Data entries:
##########
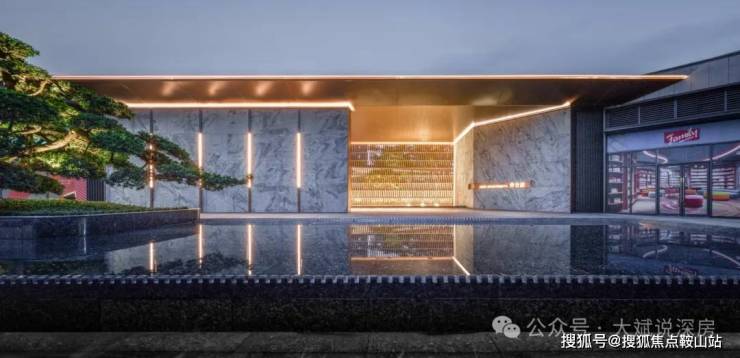 主入口依靠回龙河畔,在开敞式迎宾前广场设置跌水景观,结合名贵树种罗汉松,让尊崇出入道是寻常;超30m门庭设计,以仿古代照壁之手法,精选浪淘沙天然石材与古铜型材,尽显当代精奢雅致气质,演绎独属于东方门第的尊崇仪式。
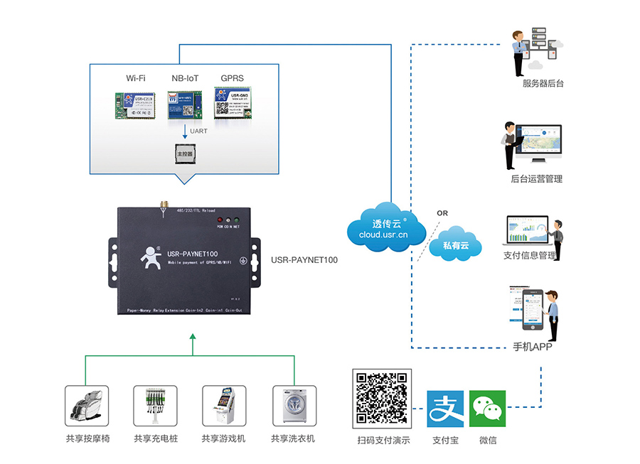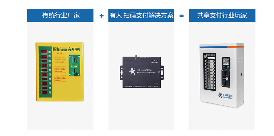 凡带有投币器接口的设备,借助有人物联网扫码支付解决方案,均可直接改造实现基于手机的扫码支付共享方案:
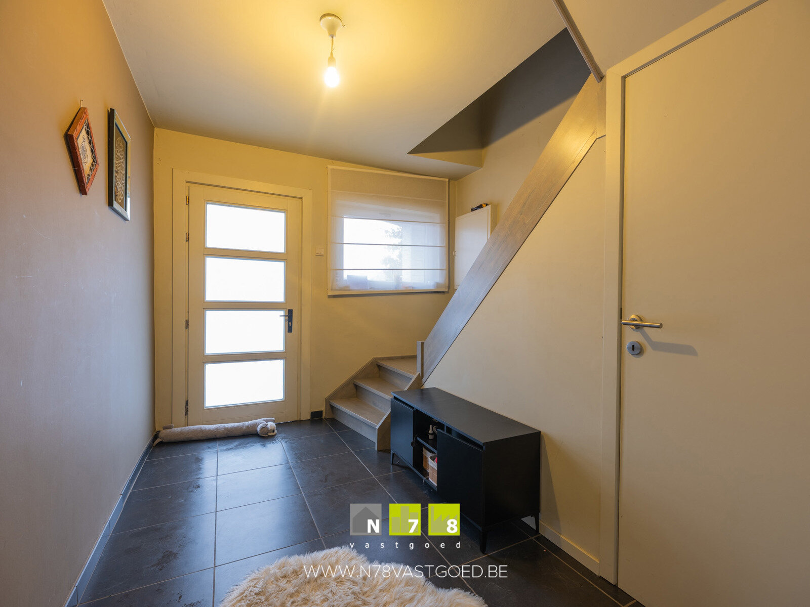 - Inkomhal ((1,02m x 3,57m) + (2,17m x 3,56m) = 11,3m²): tegelvloer.
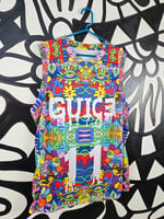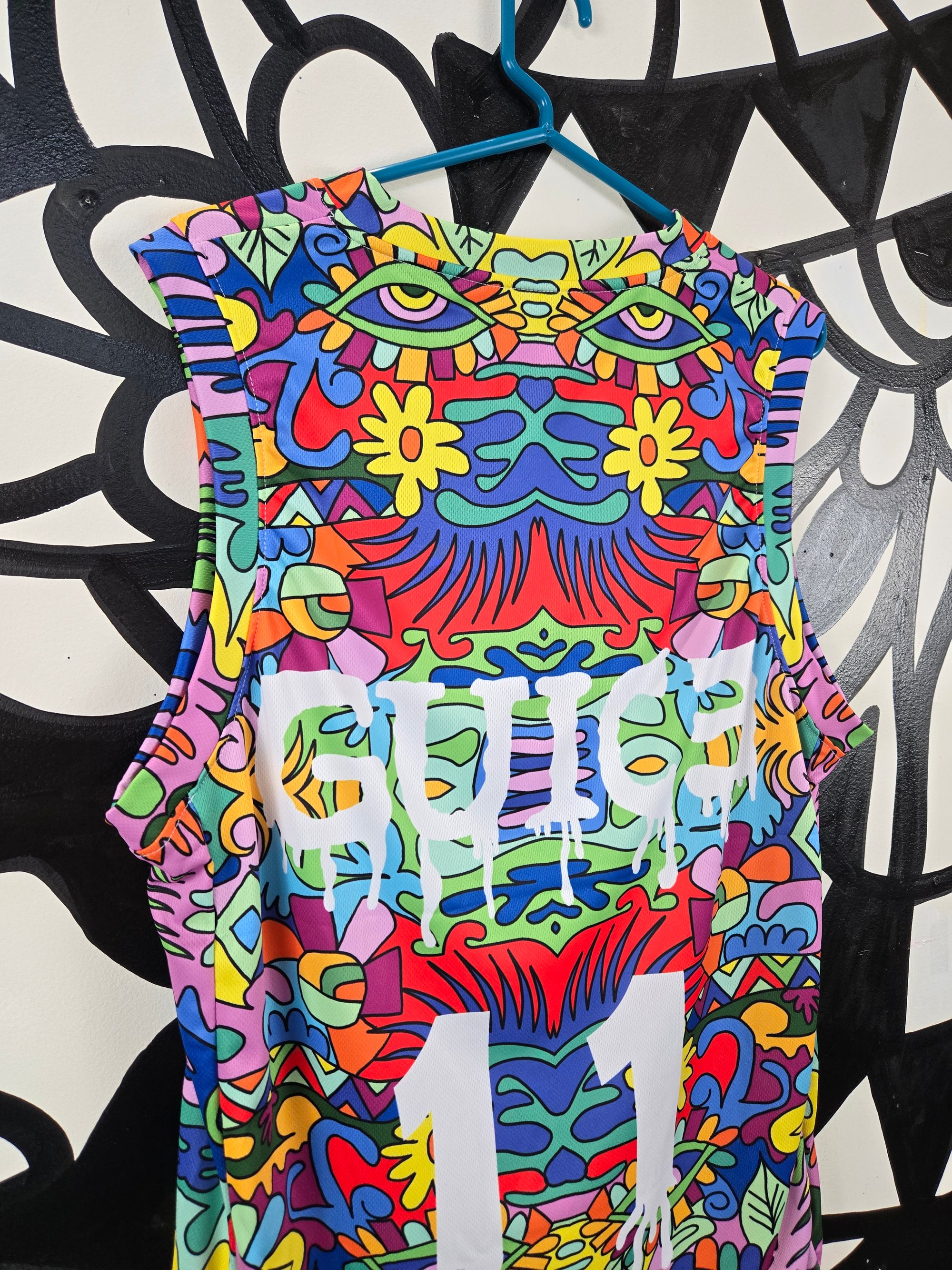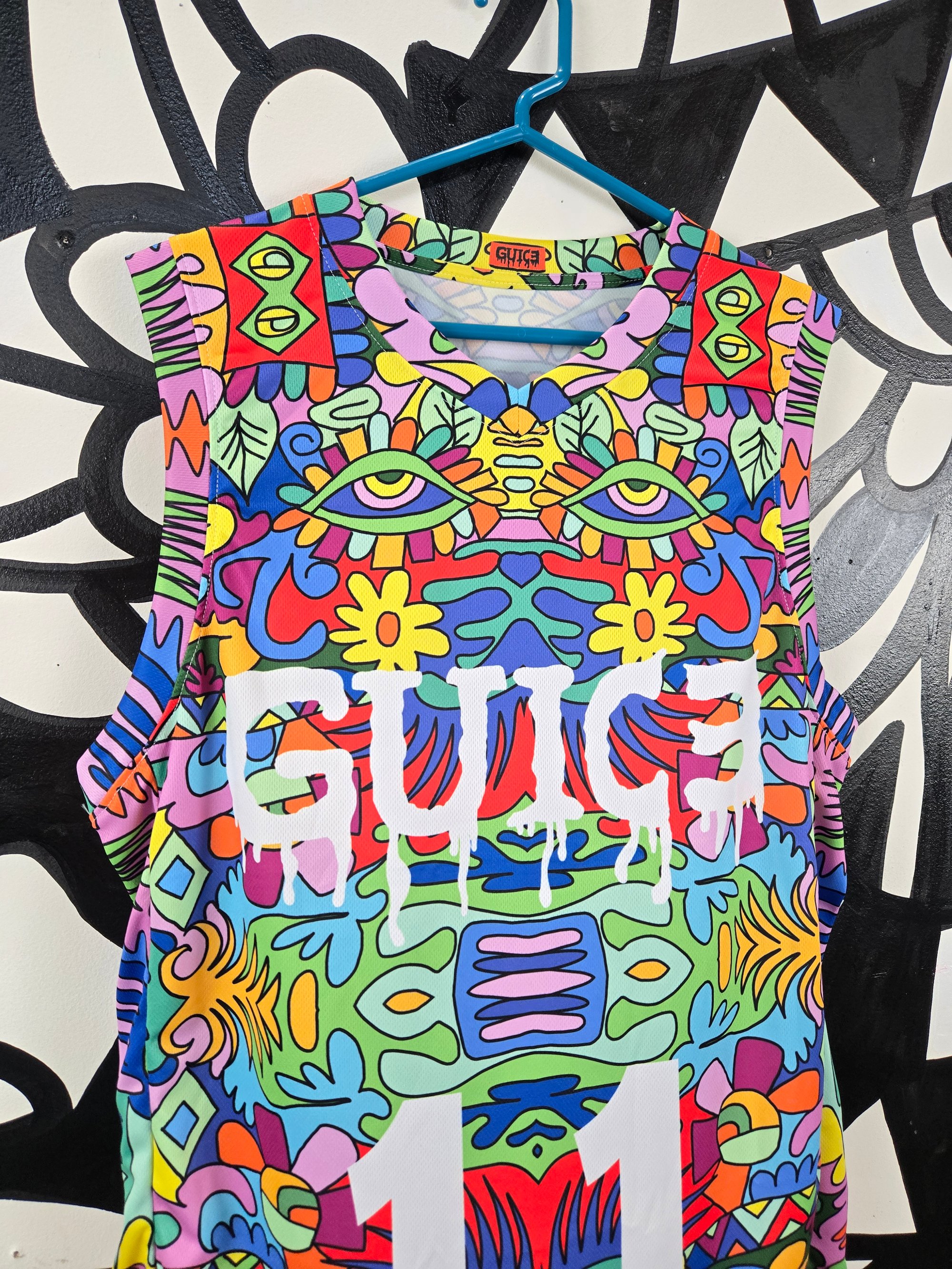 Official Guice Rainbow Jersey #11. Turbo charge your game on the court with this jersey and break the freakin backboard!! All over print sublimation. 100% recycled polyester. Made in Mexico of Imported Fabrics. Machine wash cold cycle. Ships within 4 weeks of ordering.
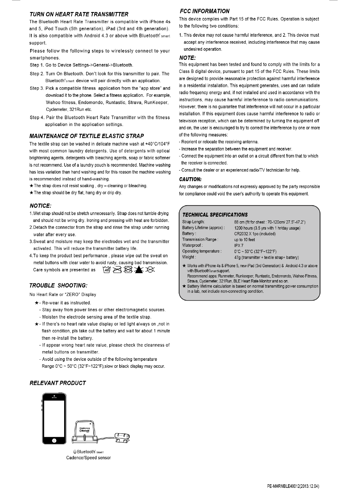 G pulse HRM200 BLE HEART RATE CHEST BELT User Manual
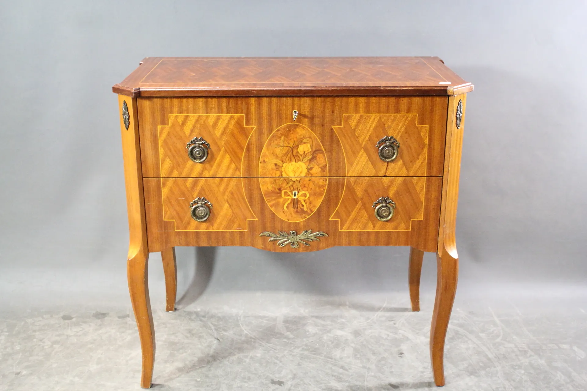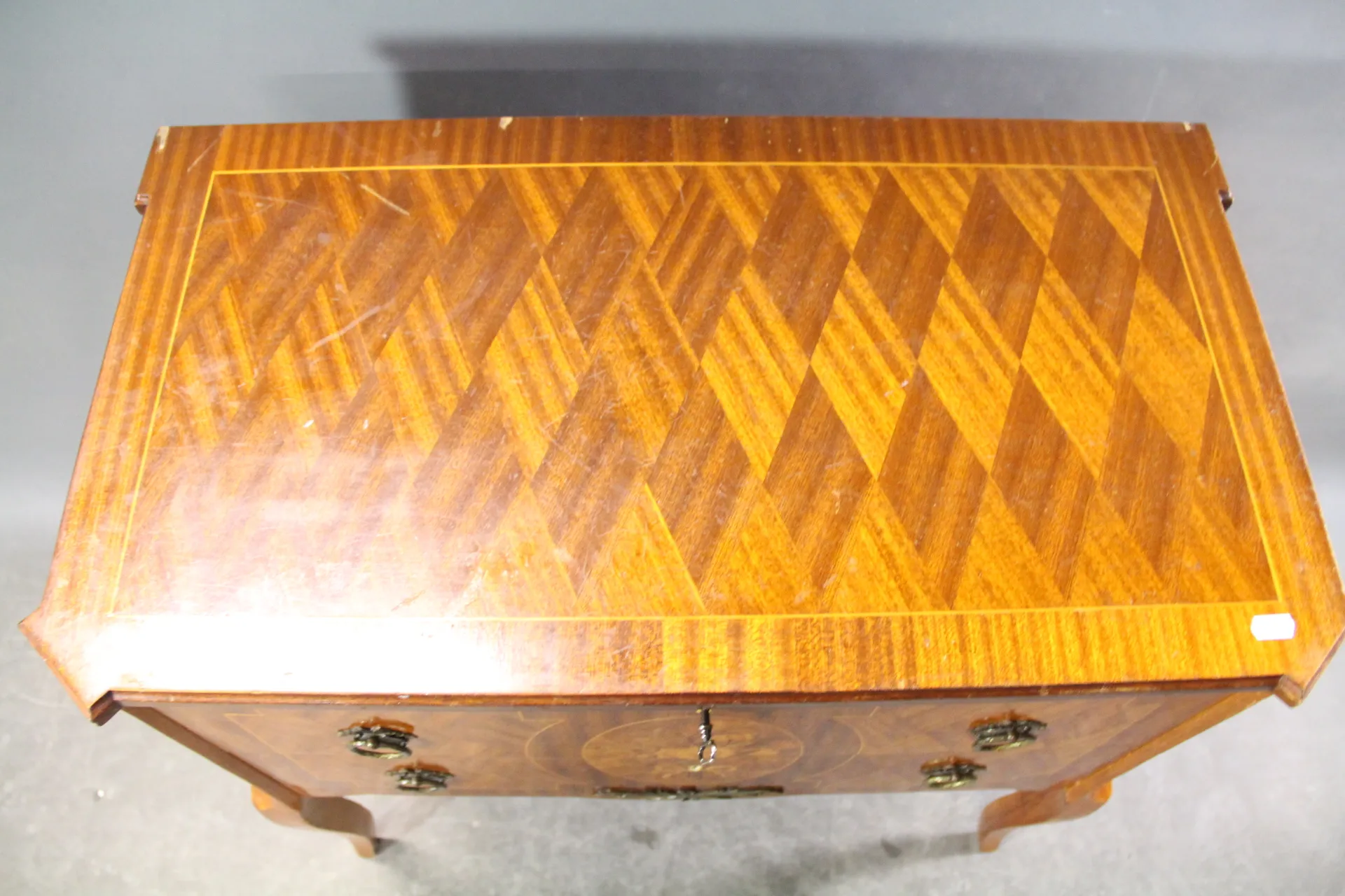 H: 76 cm, 80 x 44 cm, nyckel finns, skador finns
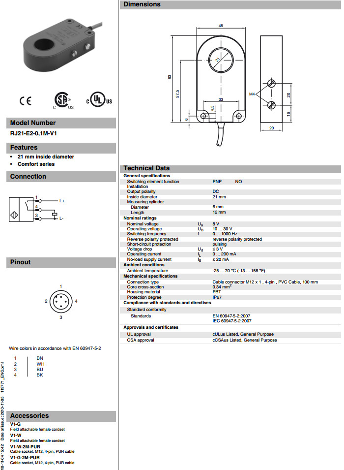 RJ21-E2-0,1M-V1電感式接近開關
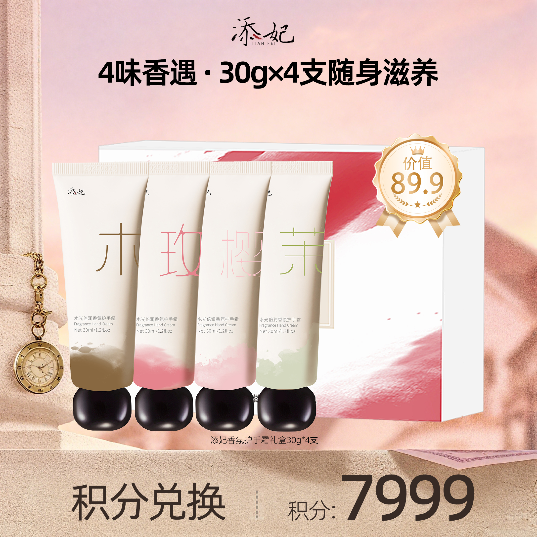 【会员积分兑换礼品】添妃香氛护手霜礼盒30g*4支(茉莉+樱花+乌木+玫瑰)
##########
Task directions: In the entries above, find the line that contains "- Inkomhal ((1,02m", then repeat exactly every line from the first one through that line, with no pictures.

Task response:
 主入口依靠回龙河畔,在开敞式迎宾前广场设置跌水景观,结合名贵树种罗汉松,让尊崇出入道是寻常;超30m门庭设计,以仿古代照壁之手法,精选浪淘沙天然石材与古铜型材,尽显当代精奢雅致气质,演绎独属于东方门第的尊崇仪式。
 凡带有投币器接口的设备,借助有人物联网扫码支付解决方案,均可直接改造实现基于手机的扫码支付共享方案:
 - Inkomhal ((1,02m x 3,57m) + (2,17m x 3,56m) = 11,3m²): tegelvloer.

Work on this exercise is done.